Первое замечание: и старый и новый окружает неказистая земляная стена, отнюдь не располагающая в их пользу. Второе замечание: архитектурные памятники отсутствуют, потому что простые дома и дворцы построены из одинакового материала. Ничего, кроме глины, глины даже не обожженной! А из высохшей на солнце грязи не выведешь правильных линий, чистых профилей и изящных скульптурных украшений. Архитектурное искусство требует камня или мрамора, а их как раз и нет в китайском Туркестане.
Маленькая, быстро катящаяся коляска доставила нас с майором до Кашгара, имеющего три мили в окружности. Омывает его двумя рукавами, через которые перекинуты два моста, Кызылсу, что значит «Красная река». Но в действительности она скорее желтая, чем красная. Если вам захочется увидеть какие-нибудь интересные развалины, то нужно отойти за городскую черту, где высятся остатки старой крепости, насчитывающей либо пятьсот, либо две тысячи лет, в зависимости от воображения того или иного археолога. Но что совершенно достоверно — это то, что Кашгар был взят приступом и разрушен Тамерланом. И вообще следует признать: без устрашающих подвигов этого хромоногого завоевателя история Центральной Азии была бы удивительно однообразной.

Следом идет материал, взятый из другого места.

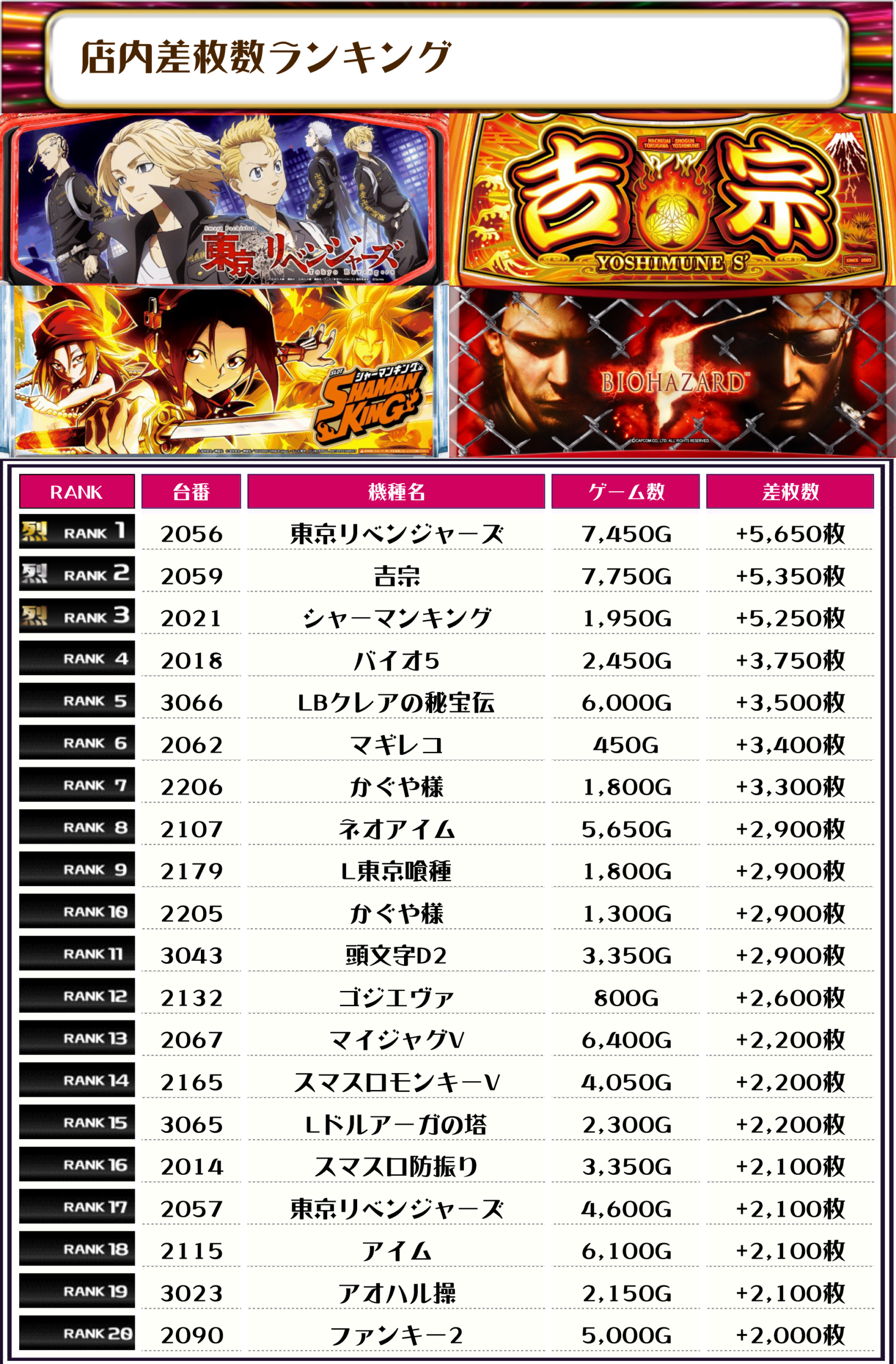 2位には【吉宗・2059番台】の+5,350枚、そして3位には【シャーマンキング・2021番台】の+5,250枚がランクインですっ🏆

Правда, в более позднюю эпоху ему пытались подражать свирепые султаны, вроде Уали-Тулла-хана, который в 1857 году велел задушить Шлагинтвейта, крупного ученого и отважного исследователя азиатского материка. Памятник, установленный в честь Шлагинтвейта, украшают две бронзовые доски от Парижского и Санкт-Петербургского географических обществ.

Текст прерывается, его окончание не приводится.